Повышение нефтеотдачи достигалось путем закачки специальных реагентов на основе целлюлозы, тогда это был наиболее прогрессивный метод, за счет чего увеличивался дебит скважин.
— Увеличивалась отдача пласта, получается.
— Совершенно верно. Забегая вперед, скажу, что проект с Ромашкинским месторождением был завершен в 2002 году. А в середине 90-х мы начали наш основной проект — Харьягинское месторождение. Это было первое соглашение о разделе продукции (СРП), о разработке материкового месторождения, но и, по всей вероятности, последнее. Наши партнеры по Харьягинскому проекту — норвежская компания Hydro и «Ненецкая нефтяная компания», которая на 100% принадлежит администрации Ненецкого автономного округа.
Харьягинское месторождение находится за Полярным кругом. Оно было открыто в 1970 году в пределах Тимано-Печорской нефтегазоносной провинции на территории Ненецкого автономного округа. Месторождение сложное по структуре — там шесть нефтеносных горизонтов.
Четыре наиболее простых эксплуатационных горизонта разрабатываются с 1986 года, сейчас их разрабатывает «ЛУКОЙЛ», до него — «Коминефть». Два других эксплуатационных объекта — так называемые объекты 2 и 3 — разрабатывает компания Total в рамках соглашения о разделе продукции.

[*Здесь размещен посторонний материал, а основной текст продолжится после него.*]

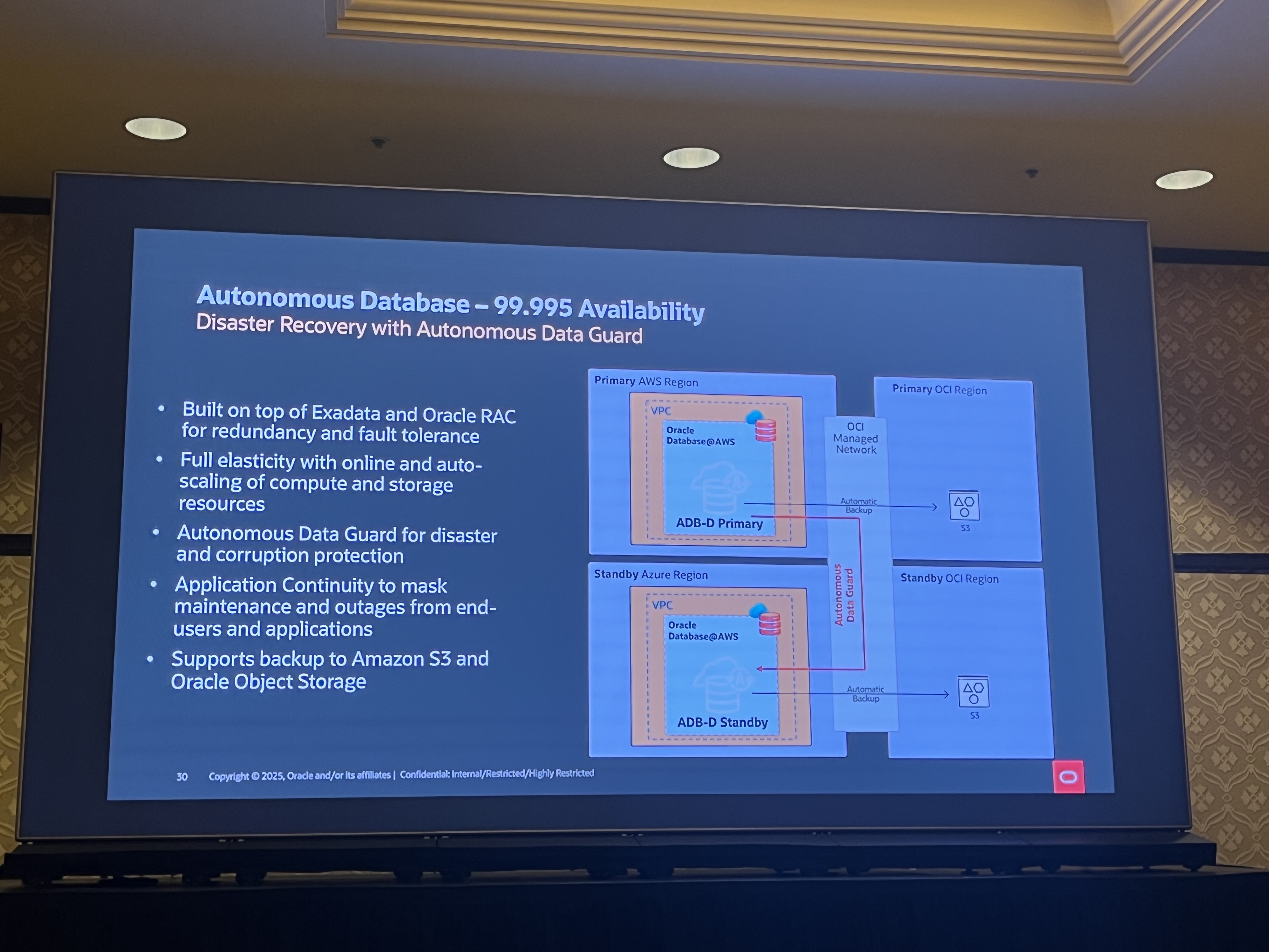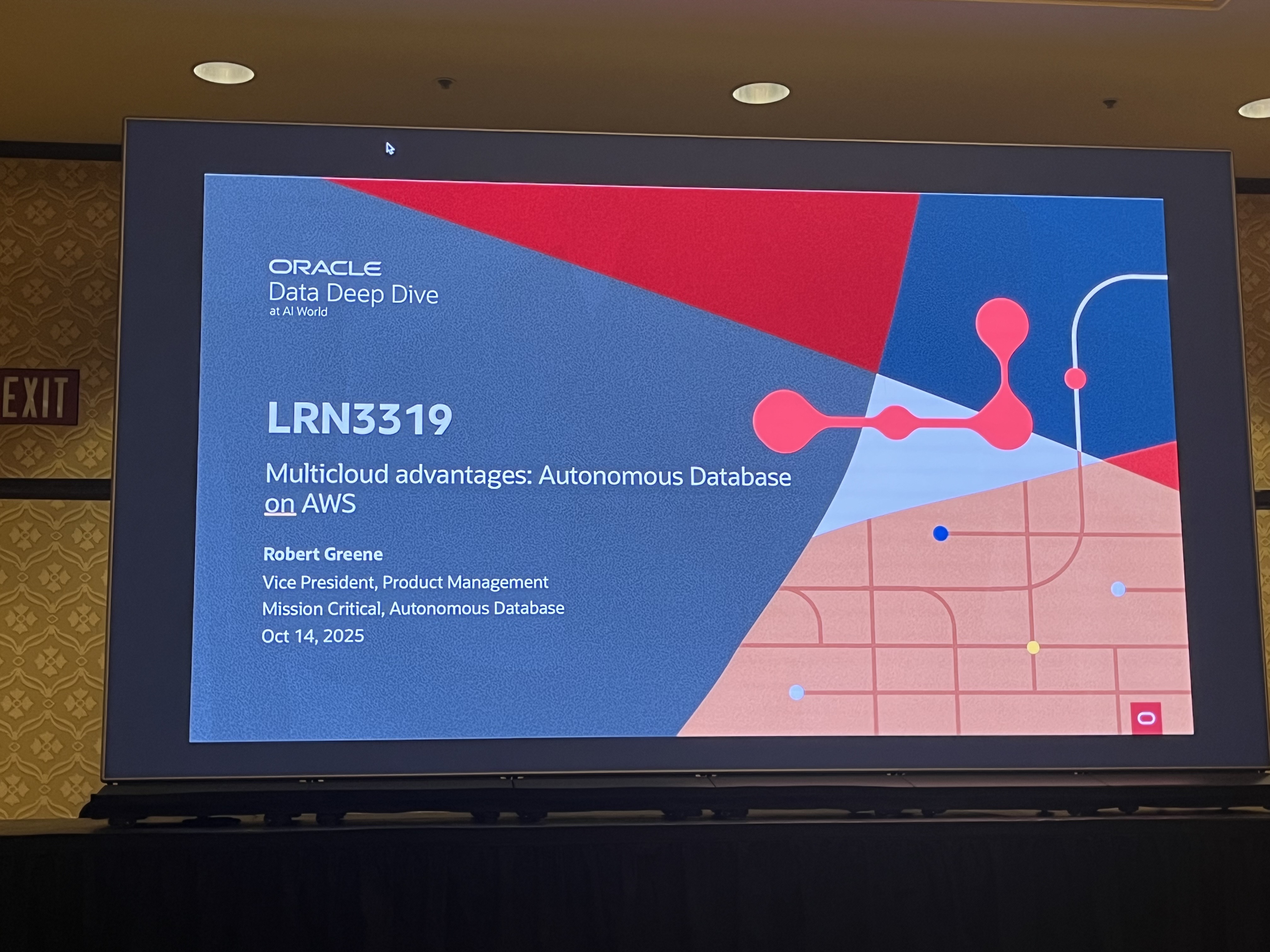 今回は後追いでのレポートとして「Multicloud: Advantages of Autonomous AI Database Deployed into AWS (ADB@AWS) 」というセッションのレポートをお届けします。

Что можно сказать об этих объектах? У них сложная карбонатная структура. Нефть, которая в них содержится, имеет очень высокое содержание парафина, а попутный нефтяной газ характеризуется очень высоким содержанием сероводорода. Добычу в рамках соглашения о разделе продукции мы начали в октябре 1999 года. История разработки этого месторождения складывалась не очень просто: имелись разногласия.
Но что важно на сегодняшний день — проект разрабатывается снова в нормальных условиях при прекрасных взаимоотношениях с государством. И прошедший 2006 год стал для нас особым, так как мы вышли на прибыльную нефть и проект стал выгодным для всех участников, прежде всего, для государства. Доход государства за 2006 год составил около 170 млн. долларов — совсем не плохо при годовой добыче менее миллиона тонн.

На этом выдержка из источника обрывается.